The two modes observed in the histogram of air_time for the whole population in (a) are still apparent in the two histograms here. However, flight durations which were relatively rare in the full population (e.g. ~600 minutes and ~250 minutes) may be absent entirely from samples of the data, particularly when the sample size is smaller. Depending on the samples you got, the distribution may look less smooth for the samples, as there are fewer observations. However, the distribution of the samples reflects the distribution of the population overall.

  1. Do each of the following:
  2. Generate 500 samples of size 25 and plot a histogram of the median air_time in each of these samples.
sample_medians25 <- rep(NA, 500)  # where we'll store the means
for (i in 1:500)
{
  sample25 <- flights %>% sample_n(size = 25)
  sample_medians25[i] <- as.numeric(sample25 %>% summarize(median(air_time)))
}
sample_medians25 <- data_frame(median_air_time=sample_medians25)
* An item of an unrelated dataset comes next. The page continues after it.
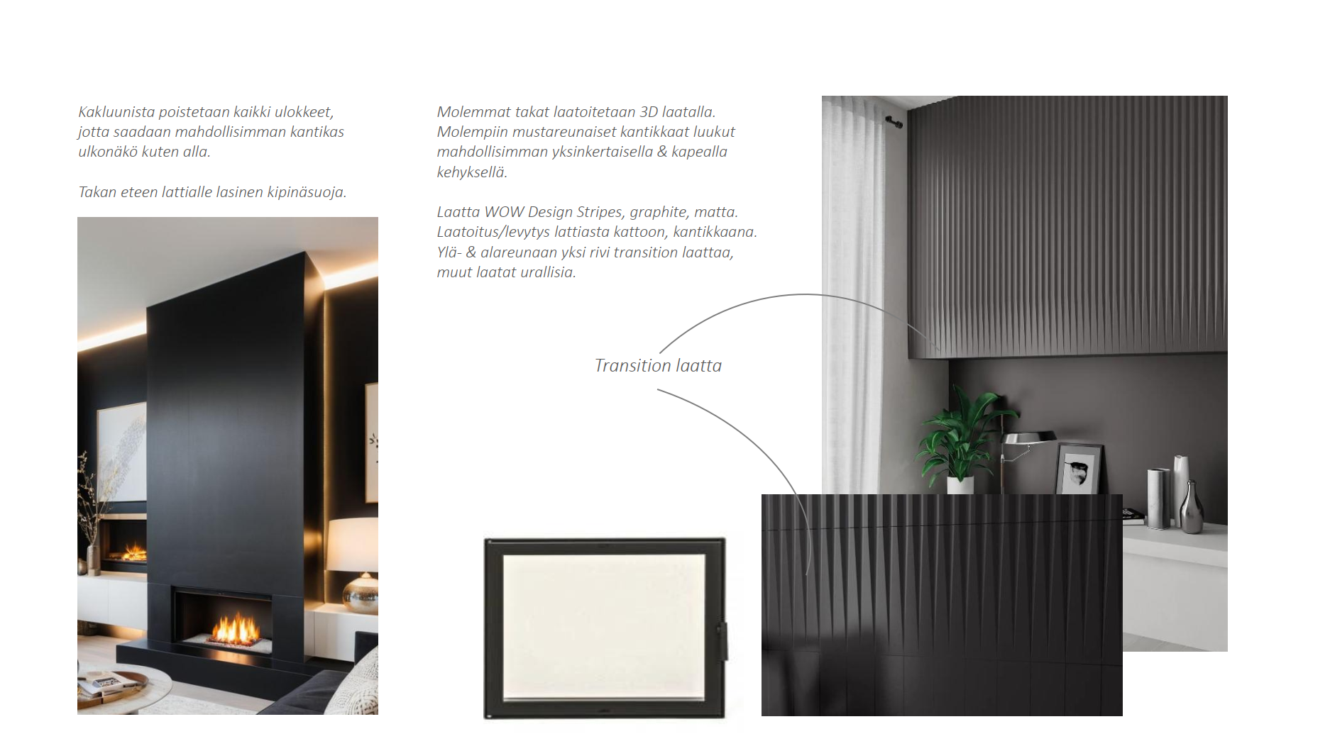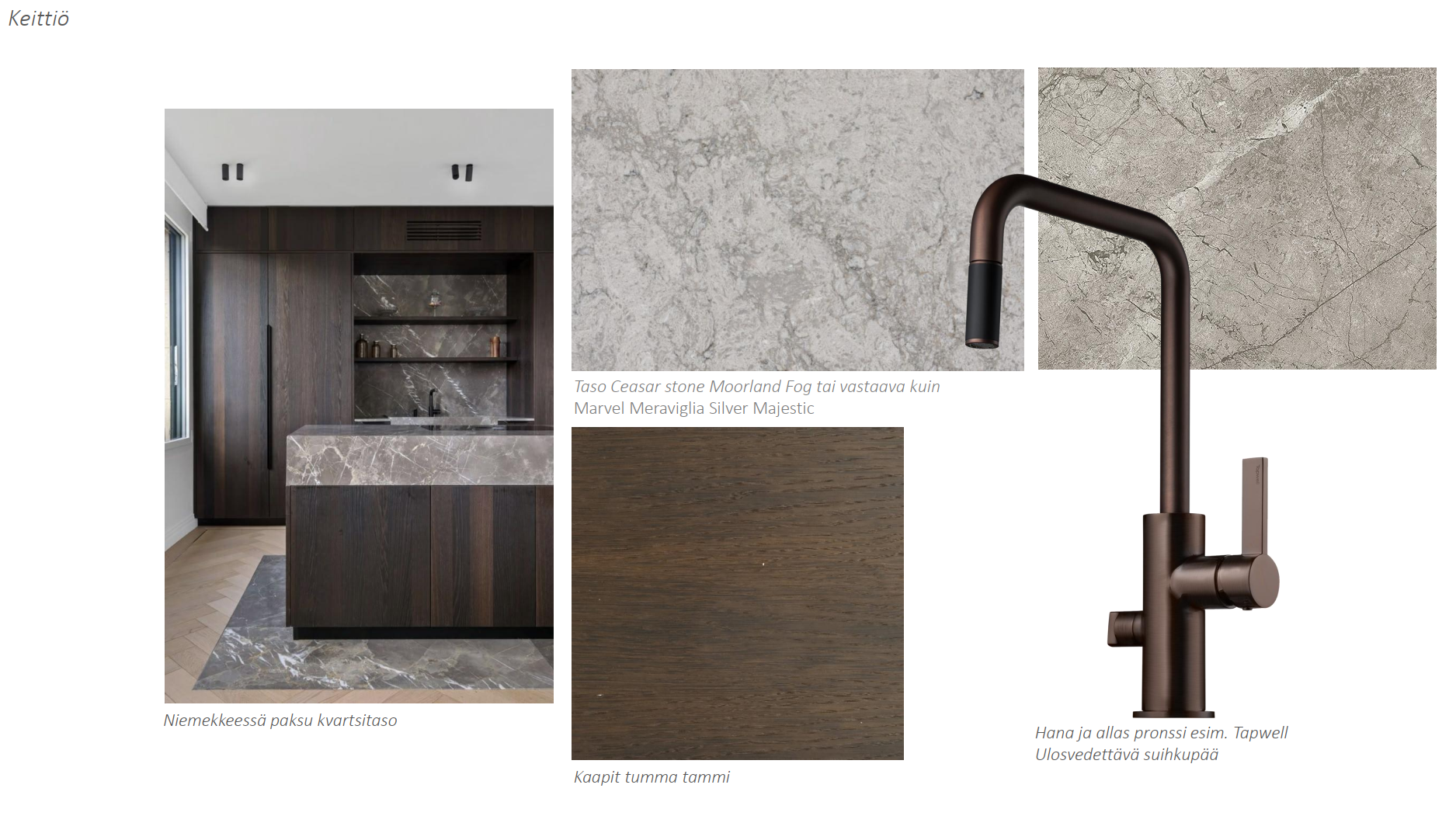 Kodin sydän löytyy keittiöstä, jossa kivimateriaalit yhdistyvät puuhun ja integroituihin kodinkoneisiin. Induktioliesi, erillinen uuni, astianpesukone ja jopa viinikaappi tekevät ruoanlaitosta nautintoa. Olohuoneessa varaavatakka luo tunnelmaa perheen yhteisille hetkille.

ggplot(sample_medians25, aes(x=median_air_time)) + geom_histogram(binwidth=4) + xlim(75,220)

  labs(x="Medians from samples of size 25", 
       title="Sample size 25")
## $x
## [1] "Medians from samples of size 25"
## 
## $title
## [1] "Sample size 25"
## 
## attr(,"class")
## [1] "labels"
  1. Generate 500 samples of size 100 and plot a histogram of the median air_time in each of these samples.
sample_medians100 <- rep(NA, 500)  # where we'll store the means
for (i in 1:500)
{
  sample100 <- flights %>% sample_n(size = 100)
  sample_medians100[i] <- as.numeric(sample100 %>% summarize(median(air_time)))
}
sample_medians100 <- data_frame(median_air_time=sample_medians100)

ggplot(sample_medians100, aes(x=median_air_time)) + geom_histogram(binwidth=4) + xlim(75,220) + 
  labs(x="Medians from samples of size 100", 
       title="Sample size 100")

  1. Do these histograms represent sampling distributions or bootstrap distributions?

These are histograms of the sampling distribution of the median flight duration for samples of size 25 (in part (i)) and samples of size 100 (in part (ii)) respectively.

  1. Compare the histograms in (i) and (ii) to the histograms from (a) and (b)

The sampling distribution of the median for samples of size 100 is symmetric with one mode around the population median of 129 minutes. When working with samples of size 25, the sampling distribution is not quite symmetrical (although this may vary depending on your random samples); however it is still centered around the population median.

By looking at the x-axis, we can see that the range of the sampling distribution of the median is much smaller when working with samples of size 100 than when we are working with samples of size 25. This makes sense, as it is more difficult to get a good estimate of the median from a small sample.

A general note: samples should look like the original data, but sampling distributions don’t have to.

Question 2

Bring your output for this question to tutorial on Friday February 16 (either a hardcopy or on your laptop).

In this question, we will look at the Gestation data in the mosaicData library. First load the library:

library(mosaicData)

You can read about the data by looking at the help information for the data frame

help(Gestation)

In this question, you will find confidence intervals for parameters related to the distribution of the mother’s age, which is the variable age. First remove the two observations which have missing values for age.

Gestation <- Gestation %>% filter(!is.na(age))
  1. The plot below shows the bootstrap distribution for the mean of mother s age, for 100 bootstrap samples. The red dot is the estimate of the mean for the first bootstrap sample, and the grey dots are the estimates of the mean for the other 99 bootstrap samples.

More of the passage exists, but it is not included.